Re: [PATCH v3] arm64: Enable vmalloc-huge with ptdump

From: Dev Jain
Date: Tue Jun 17 2025 - 04:59:10 EST



On 17/06/25 1:42 pm, Ryan Roberts wrote:
On 17/06/2025 04:59, Dev Jain wrote:
On 17/06/25 8:24 am, Dev Jain wrote:
On 16/06/25 11:37 pm, Ryan Roberts wrote:
On 16/06/2025 11:33, Dev Jain wrote:
arm64 disables vmalloc-huge when kernel page table dumping is enabled,
because an intermediate table may be removed, potentially causing the
ptdump code to dereference an invalid address. We want to be able to
analyze block vs page mappings for kernel mappings with ptdump, so to
enable vmalloc-huge with ptdump, synchronize between page table removal in
pmd_free_pte_page()/pud_free_pmd_page() and ptdump pagetable walking. We
use mmap_read_lock and not write lock because we don't need to synchronize
between two different vm_structs; two vmalloc objects running this same
code path will point to different page tables, hence there is no race.

For pud_free_pmd_page(), we isolate the PMD table to avoid taking the lock
512 times again via pmd_free_pte_page().

We implement the locking mechanism using static keys, since the chance
of a race is very small. Observe that the synchronization is needed
to avoid the following race:

CPU1                            CPU2
                        take reference of PMD table
pud_clear()
pte_free_kernel()
                        walk freed PMD table

and similar race between pmd_free_pte_page and ptdump_walk_pgd.

Therefore, there are two cases: if ptdump sees the cleared PUD, then
we are safe. If not, then the patched-in read and write locks help us
avoid the race.

To implement the mechanism, we need the static key access from mmu.c and
ptdump.c. Note that in case !CONFIG_PTDUMP_DEBUGFS, ptdump.o won't be a
target in the Makefile, therefore we cannot initialize the key there, as
is being done, for example, in the static key implementation of
hugetlb-vmemmap. Therefore, include asm/cpufeature.h, which includes
the jump_label mechanism. Declare the key there and define the key to false
in mmu.c.

No issues were observed with mm-selftests. No issues were observed while
parallelly running test_vmalloc.sh and dumping the kernel pagetable through
sysfs in a loop.

v2->v3:
  - Use static key mechanism

v1->v2:
  - Take lock only when CONFIG_PTDUMP_DEBUGFS is on
  - In case of pud_free_pmd_page(), isolate the PMD table to avoid taking
    the lock 512 times again via pmd_free_pte_page()

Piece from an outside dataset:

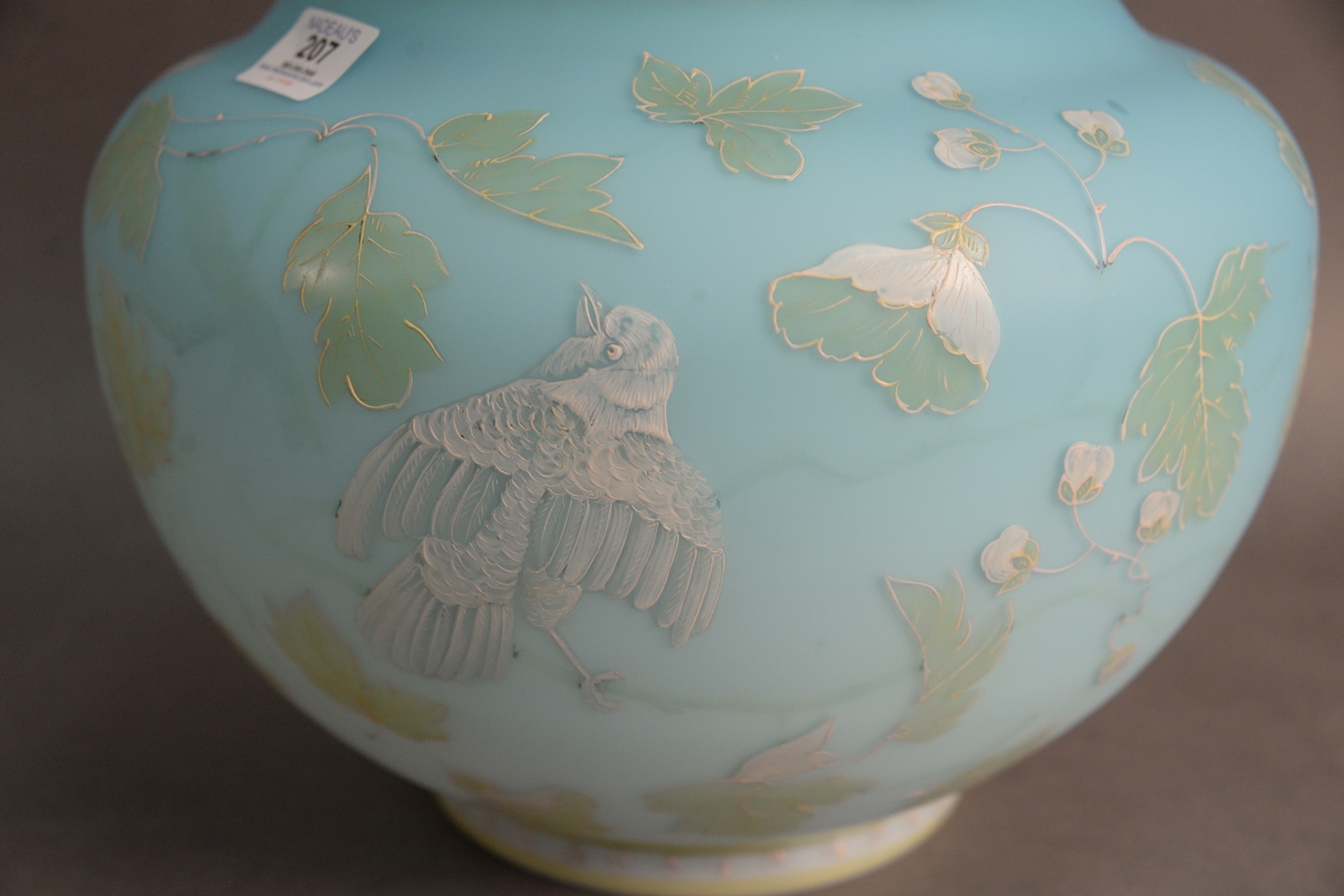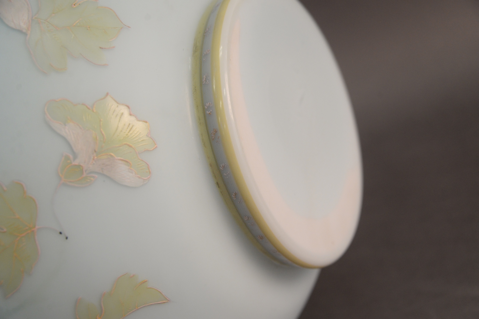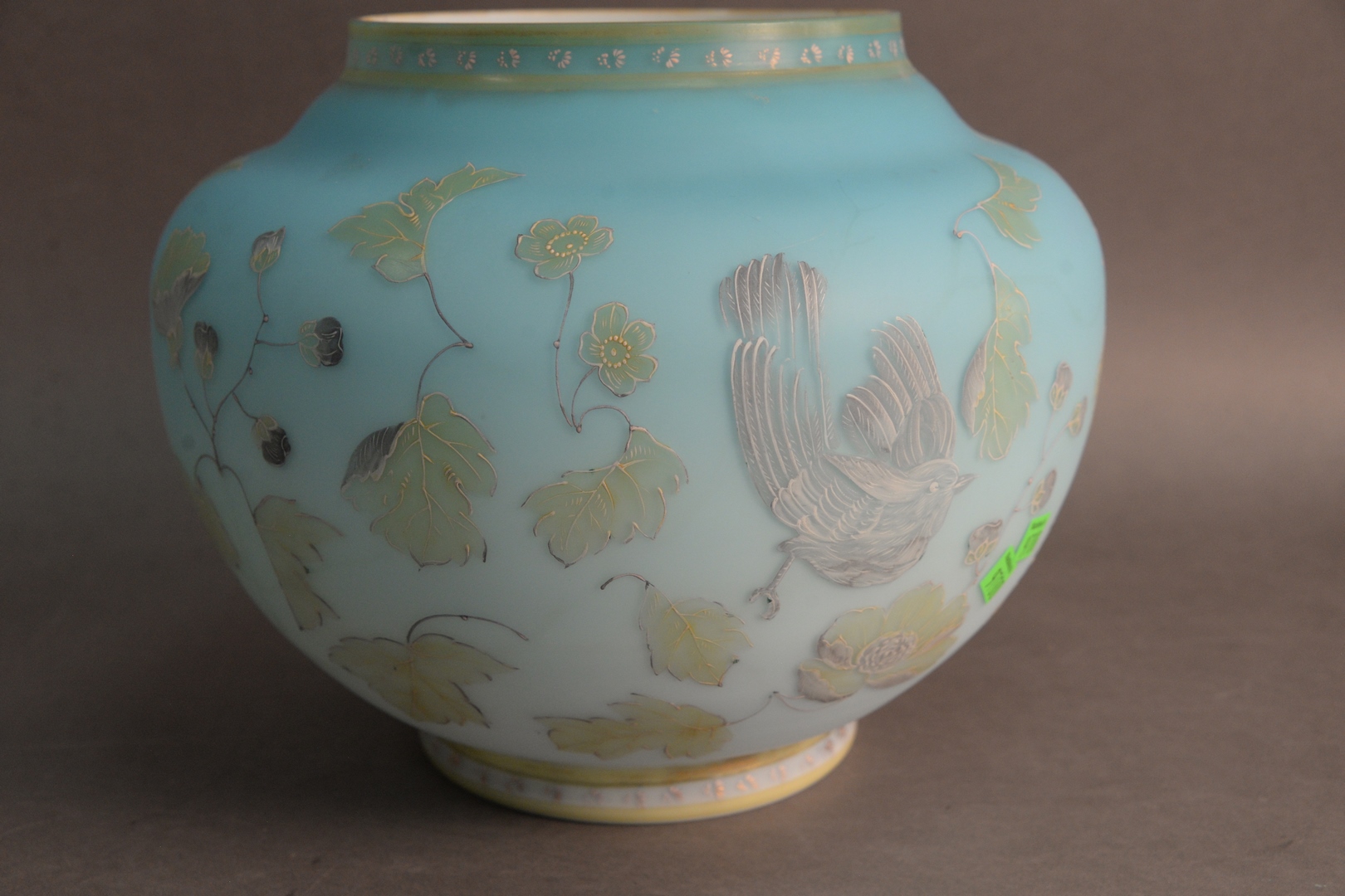 Lot 207: Large Turquoise Satin Glass Planter, having white and green floral enameling to the exterior, height 11 inches, width 13 inches. Provenance: Estate of James Wadhams.

Signed-off-by: Dev Jain <dev.jain@xxxxxxx>
---
  arch/arm64/include/asm/cpufeature.h |  1 +
  arch/arm64/mm/mmu.c                 | 51 ++++++++++++++++++++++++++---
  arch/arm64/mm/ptdump.c              |  5 +++
  3 files changed, 53 insertions(+), 4 deletions(-)

[...]

+    pud_clear(pudp);
How can this possibly be correct; you're clearing the pud without any
synchronisation. So you could have this situation:

CPU1 (vmalloc)            CPU2 (ptdump)

                static_branch_enable()
                  mmap_write_lock()
                    pud = pudp_get()
When you do pudp_get(), you won't be dereferencing a NULL pointer.
pud_clear() will nullify the pud entry. So pudp_get() will boil
down to retrieving a NULL entry. Or, pudp_get() will retrieve an
entry pointing to the now isolated PMD table. Correct me if I am
wrong.

pud_free_pmd_page()
   pud_clear()
                    access the table pointed to by pud
                    BANG!
I am also confused thoroughly now : ) This should not go bang as the

table pointed to by pud is still there, and our sequence guarantees that

if the ptdump walk is using the pmd table, then pud_free_pmd_page won't

free the PMD table yet.
You're right... I'm not sure what I was smoking last night. For some reason I
read the pXd_clear() as "free". This approach looks good to me - very clever!
And you even managed to ensure the WRITE_ONCE() in pXd_clear() doesn't get
reordered after taking the lock via the existing dsb in the tlb maintenance
operation - I like it!

Haha! It indeed was very confusing, the important observation separating this
from other cases was that ptdump only cares about reading the tables, not about
what it reads.


I'll send a separate review with some nits, but I'm out today, so that might
have to wait until tomorrow.

Thanks, and sorry again for the noise!

Ah no it was not noise : ) Sure, enjoy.

Ryan